What to work on –
Shown below are entries with pictures; the line with "FlexTM High Waisted" through the line with "W dniu 20.04.26r." is the span to retype exactly, and the pictures stay out.

Source material –
>>>
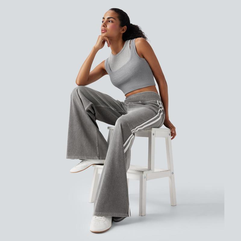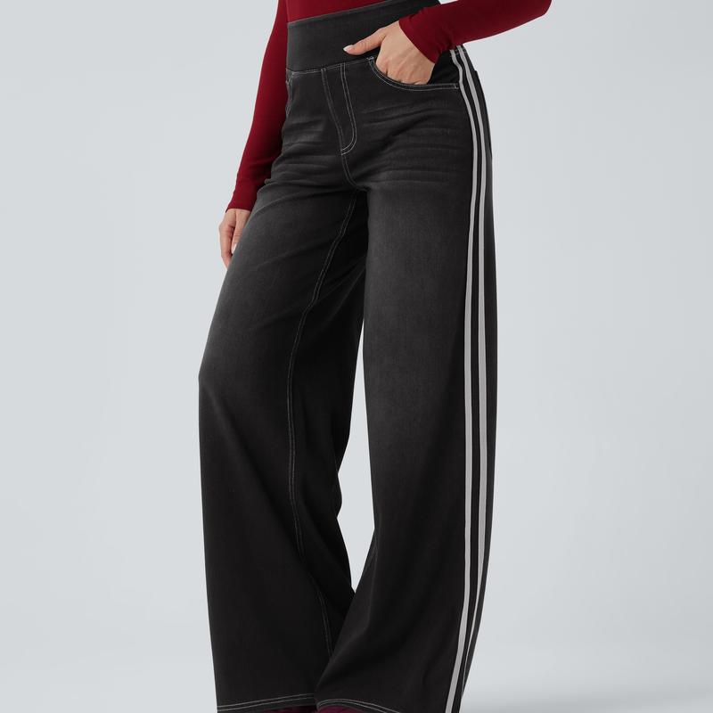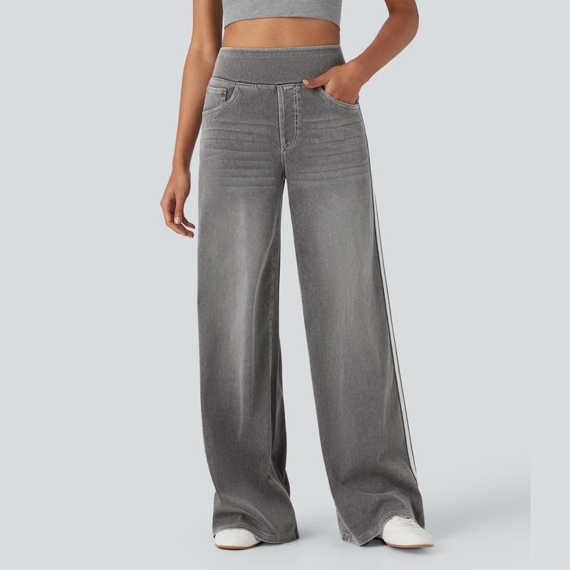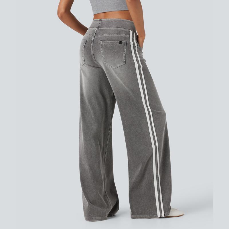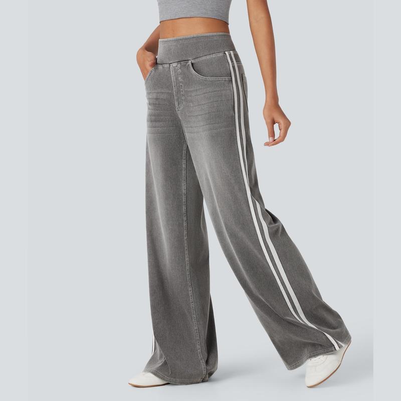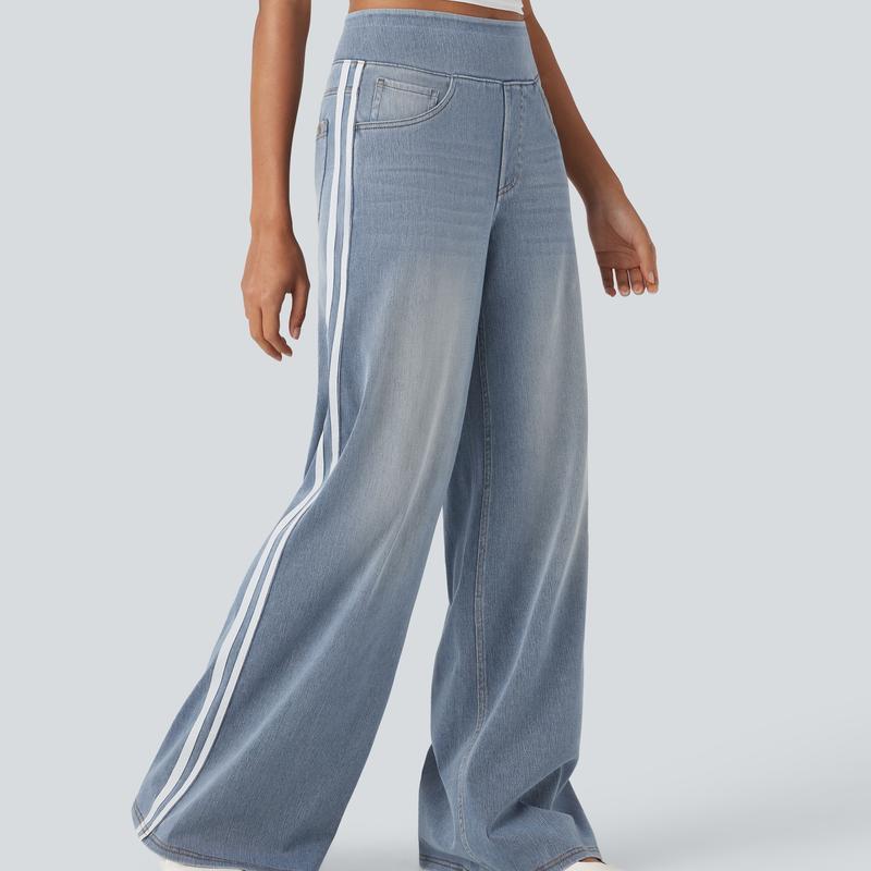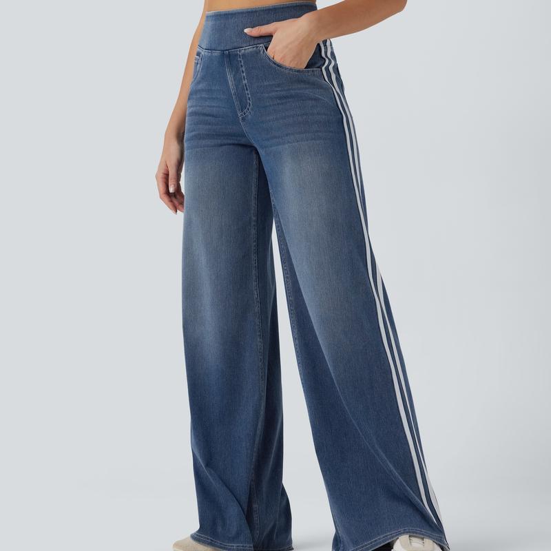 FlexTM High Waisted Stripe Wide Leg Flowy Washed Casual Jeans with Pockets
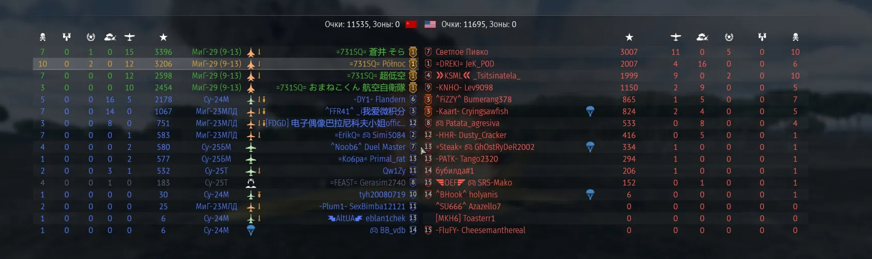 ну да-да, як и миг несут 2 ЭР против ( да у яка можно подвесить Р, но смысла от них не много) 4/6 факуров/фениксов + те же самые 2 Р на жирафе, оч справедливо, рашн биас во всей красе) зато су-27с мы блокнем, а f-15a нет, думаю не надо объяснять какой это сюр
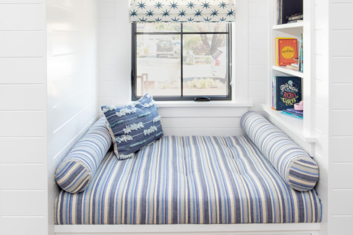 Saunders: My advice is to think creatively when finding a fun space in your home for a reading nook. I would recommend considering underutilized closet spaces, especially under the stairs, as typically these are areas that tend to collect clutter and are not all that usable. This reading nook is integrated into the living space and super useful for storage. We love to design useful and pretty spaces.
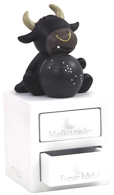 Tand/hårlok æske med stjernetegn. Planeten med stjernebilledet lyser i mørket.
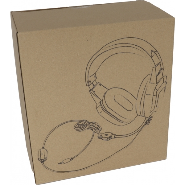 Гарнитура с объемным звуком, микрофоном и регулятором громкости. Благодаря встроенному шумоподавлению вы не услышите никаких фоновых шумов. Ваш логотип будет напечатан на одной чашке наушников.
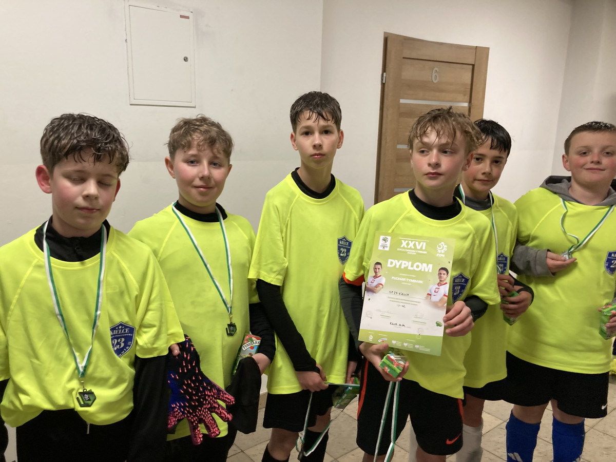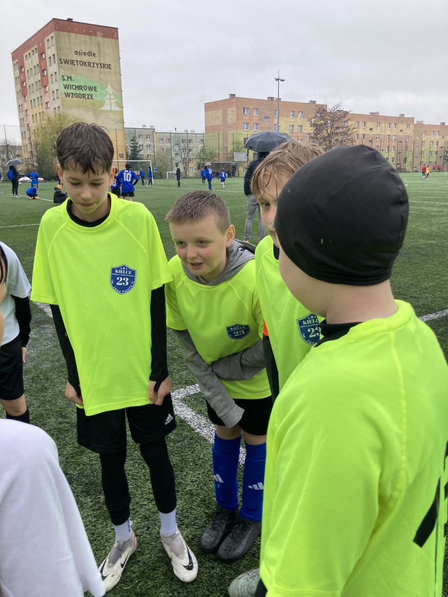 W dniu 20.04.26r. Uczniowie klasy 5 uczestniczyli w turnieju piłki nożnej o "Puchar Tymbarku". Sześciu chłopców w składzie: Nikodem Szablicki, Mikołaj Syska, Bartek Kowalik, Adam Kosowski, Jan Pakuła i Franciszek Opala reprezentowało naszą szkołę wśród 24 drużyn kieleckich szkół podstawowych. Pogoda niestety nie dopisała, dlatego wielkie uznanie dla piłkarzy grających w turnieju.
<<<
>>>
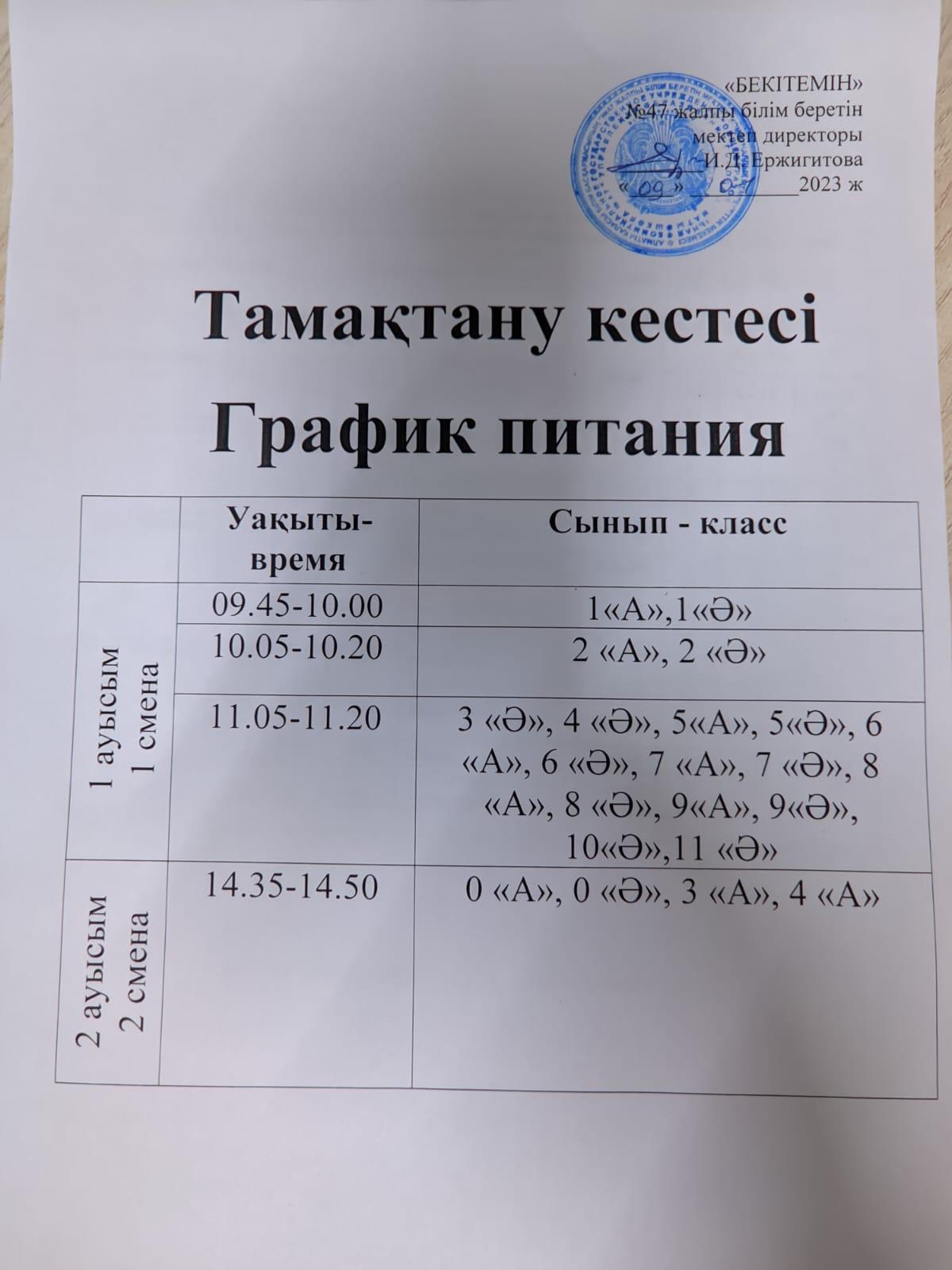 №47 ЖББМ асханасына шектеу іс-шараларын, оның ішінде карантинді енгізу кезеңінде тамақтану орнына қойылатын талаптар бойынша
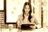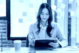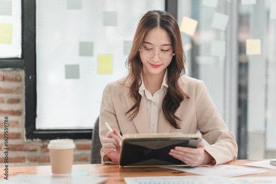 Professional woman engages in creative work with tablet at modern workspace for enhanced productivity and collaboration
<<<
Task answer –
 FlexTM High Waisted Stripe Wide Leg Flowy Washed Casual Jeans with Pockets
 ну да-да, як и миг несут 2 ЭР против ( да у яка можно подвесить Р, но смысла от них не много) 4/6 факуров/фениксов + те же самые 2 Р на жирафе, оч справедливо, рашн биас во всей красе) зато су-27с мы блокнем, а f-15a нет, думаю не надо объяснять какой это сюр
 Saunders: My advice is to think creatively when finding a fun space in your home for a reading nook. I would recommend considering underutilized closet spaces, especially under the stairs, as typically these are areas that tend to collect clutter and are not all that usable. This reading nook is integrated into the living space and super useful for storage. We love to design useful and pretty spaces.
 Tand/hårlok æske med stjernetegn. Planeten med stjernebilledet lyser i mørket.
 Гарнитура с объемным звуком, микрофоном и регулятором громкости. Благодаря встроенному шумоподавлению вы не услышите никаких фоновых шумов. Ваш логотип будет напечатан на одной чашке наушников.
 W dniu 20.04.26r. Uczniowie klasy 5 uczestniczyli w turnieju piłki nożnej o "Puchar Tymbarku". Sześciu chłopców w składzie: Nikodem Szablicki, Mikołaj Syska, Bartek Kowalik, Adam Kosowski, Jan Pakuła i Franciszek Opala reprezentowało naszą szkołę wśród 24 drużyn kieleckich szkół podstawowych. Pogoda niestety nie dopisała, dlatego wielkie uznanie dla piłkarzy grających w turnieju.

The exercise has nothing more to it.